Father convicted of tossing daughter to death off cliff

LOS ANGELES — A father was convicted Wednesday of first-degree murder for tossing his 4-year-old daughter off a sea cliff nearly 15 years ago to get revenge against the girl’s mother and avoid custody payments.

Cameron Brown showed no emotion as the verdict in the long-running case was read in Los Angeles Superior Court, while the mother of Lauren Sarene Key breathed heavily and began crying in the gallery.

Two previous juries have deadlocked over whether Brown was guilty of murder or manslaughter.

Brown, 53, faces a mandatory term of life in prison without parole when sentenced June 19 for the murder and special circumstances that he lay in wait and killed the girl for financial gain.

“Judge, I’m innocent, I have no comment,” Brown said when asked about the sentencing date.

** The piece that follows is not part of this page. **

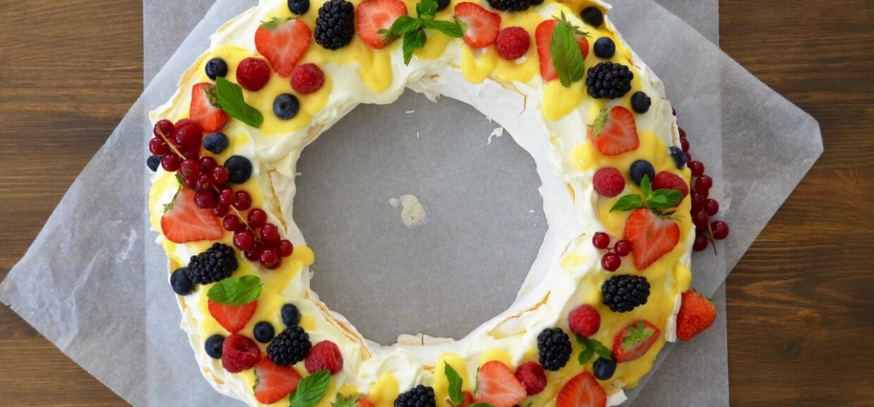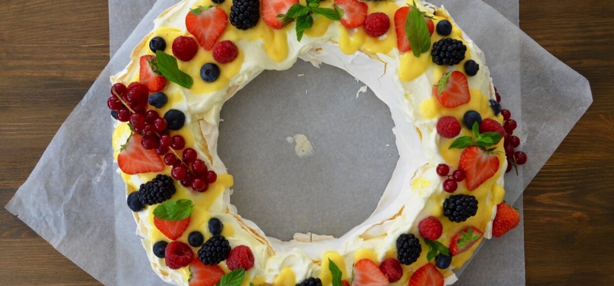 Forma de coronita, ca in imagine, nu doar ca arata de poveste, dar o face si foarte usor de portionat. Din cantitatile de mai jos iese o Pavlova mare, potrivita pentru aproximativ 10–12 persoane.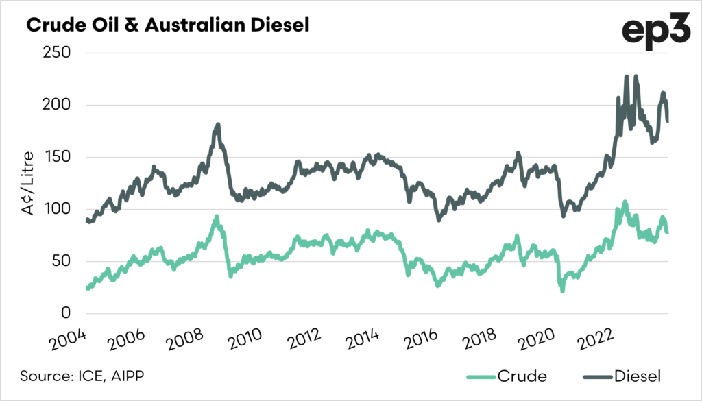 I drove from Canberra to Melbourne last week, and it hurt my pockets each time I filled up. Diesel has been incredibly expensive in recent years, and it is one of the key inputs into agriculture (and the post-gate supply chain).

Brown, an airline baggage handler at the time, hurled the girl off the 120-foot cliff in November 2000 because he never wanted the child and was locked in a bitter dispute with her mother over child support and custody, prosecutors said.

Brown told police the girl tripped and fell as she ran toward the cliff’s edge at Inspiration Point in Rancho Palos Verdes. His lawyer had suggested jurors convict him of manslaughter.

The verdict that was nearly 12 years in coming took the jury little more than a day to reach.

Foreman Greg Apodaca said jurors were unanimous from their first discussions and it was a “relatively simple decision to make.”

“The expert witnesses made it pretty clear and when we did the site visit it was clear to us, as well, that it didn’t seem likely that a 4-year-old girl would be up there of her own volition,” Apodaca said.

Prosecution experts said the girl’s injuries were not consistent with an accidental fall because she couldn’t have run fast enough to clear part of the cliff before either striking an outcropping or hitting the beach below. A defense witness said she could have died from an accidental fall.

Over about six weeks of testimony, jurors heard from most of the same witnesses as previous juries.

But this time Detective Jeffrey Leslie of the Los Angeles Sheriff’s Department found someone who said Brown said it would be “nice to get rid of Lauren” to get out of paying $1,000-a-month child support, Deputy District Attorney Craig Hum said after the verdict.

“That witness made a significant difference,” Hum said, though the primary motive was hatred toward the girl’s mom, Sarah Key-Marer. “He hated Sarah so much that he was willing to go to these lengths to get back at her.”

Hum told jurors that Brown’s statements were riddled with lies and that Brown had wanted Key-Marer, a British citizen, to get an abortion and he even tried to get her deported.

Jurors in 2006 and 2009 had decided the death was a crime, but they couldn’t agree on the charge. Eight voted for second-degree murder at his first trial, and four remaining votes were split between first-degree and involuntary manslaughter. The second panel split, with half voting for second-degree murder and half for manslaughter.

Key-Marer said she was in shock from the verdict.

“All I ever wanted was that he would take responsibility for what happened that day,” she said. “It’s all been really hard. The pain. We just learned to live with the pain.”